Comparing Frechet and positive stable laws

Let L be the unit exponential random variable and Z(alpha) the standard positive alpha-stable random variable. We prove that {(1-alpha)alpha(gamma alpha)Z(alpha)(-gamma alpha), 0 < alpha < 1} is decreasing for the optimal stochastic order and that {(1-alpha)Z(alpha)(-gamma alpha), 0 < alpha < 1} is increasing for the convex order, with gamma(alpha) = alpha/(1-alpha). We also show that {Gamma(1+alpha)Z(alpha)(-alpha); 1/2 <= alpha <= 1} is decreasing for the convex order, that Z(alpha)(-alpha) <(st) Gamma (1-alpha)L and that Gamma(1+alpha)Z(alpha)(-alpha) <(cx) L. This allows one to compare Z(alpha) with the two extremal Frechet distributions corresponding to the behaviour of its density at zero and at infinity.
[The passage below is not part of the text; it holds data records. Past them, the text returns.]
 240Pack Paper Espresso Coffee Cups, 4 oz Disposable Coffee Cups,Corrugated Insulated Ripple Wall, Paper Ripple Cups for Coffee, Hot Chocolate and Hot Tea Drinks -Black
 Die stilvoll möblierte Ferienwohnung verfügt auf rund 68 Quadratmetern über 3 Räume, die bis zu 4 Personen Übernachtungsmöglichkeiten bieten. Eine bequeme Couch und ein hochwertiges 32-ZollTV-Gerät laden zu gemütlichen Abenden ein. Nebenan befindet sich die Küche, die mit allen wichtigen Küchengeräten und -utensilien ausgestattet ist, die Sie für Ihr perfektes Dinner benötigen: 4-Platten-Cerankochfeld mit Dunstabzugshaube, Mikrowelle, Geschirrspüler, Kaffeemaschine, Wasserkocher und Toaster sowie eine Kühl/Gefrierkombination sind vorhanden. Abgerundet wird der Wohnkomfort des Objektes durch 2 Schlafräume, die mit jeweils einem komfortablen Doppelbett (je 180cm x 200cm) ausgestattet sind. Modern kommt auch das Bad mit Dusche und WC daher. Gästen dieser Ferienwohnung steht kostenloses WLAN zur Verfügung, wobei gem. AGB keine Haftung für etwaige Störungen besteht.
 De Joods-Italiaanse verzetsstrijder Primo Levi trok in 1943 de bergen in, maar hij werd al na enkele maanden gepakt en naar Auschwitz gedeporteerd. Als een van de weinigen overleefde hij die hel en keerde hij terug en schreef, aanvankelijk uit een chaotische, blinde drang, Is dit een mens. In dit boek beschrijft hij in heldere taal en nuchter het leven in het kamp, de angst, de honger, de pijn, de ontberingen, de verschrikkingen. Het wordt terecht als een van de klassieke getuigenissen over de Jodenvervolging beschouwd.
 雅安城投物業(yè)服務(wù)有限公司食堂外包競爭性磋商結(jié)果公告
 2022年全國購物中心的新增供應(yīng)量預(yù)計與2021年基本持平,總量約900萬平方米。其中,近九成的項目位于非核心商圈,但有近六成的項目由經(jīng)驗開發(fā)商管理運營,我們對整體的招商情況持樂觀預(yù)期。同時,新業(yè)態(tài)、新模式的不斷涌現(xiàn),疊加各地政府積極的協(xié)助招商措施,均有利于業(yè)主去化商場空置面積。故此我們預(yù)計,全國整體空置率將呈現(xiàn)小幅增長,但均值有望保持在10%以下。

We also discuss the applications of these bounds to the strange behaviour of the median of Z(alpha) and Z(alpha)(-alpha) and to some uniform estimates on the classical Mittag-Leffler function. Along the way, we obtain a canonical factorization of Z(alpha) for alpha rational in terms of Beta random variables. The latter extends to the one-sided branches of real strictly stable densities.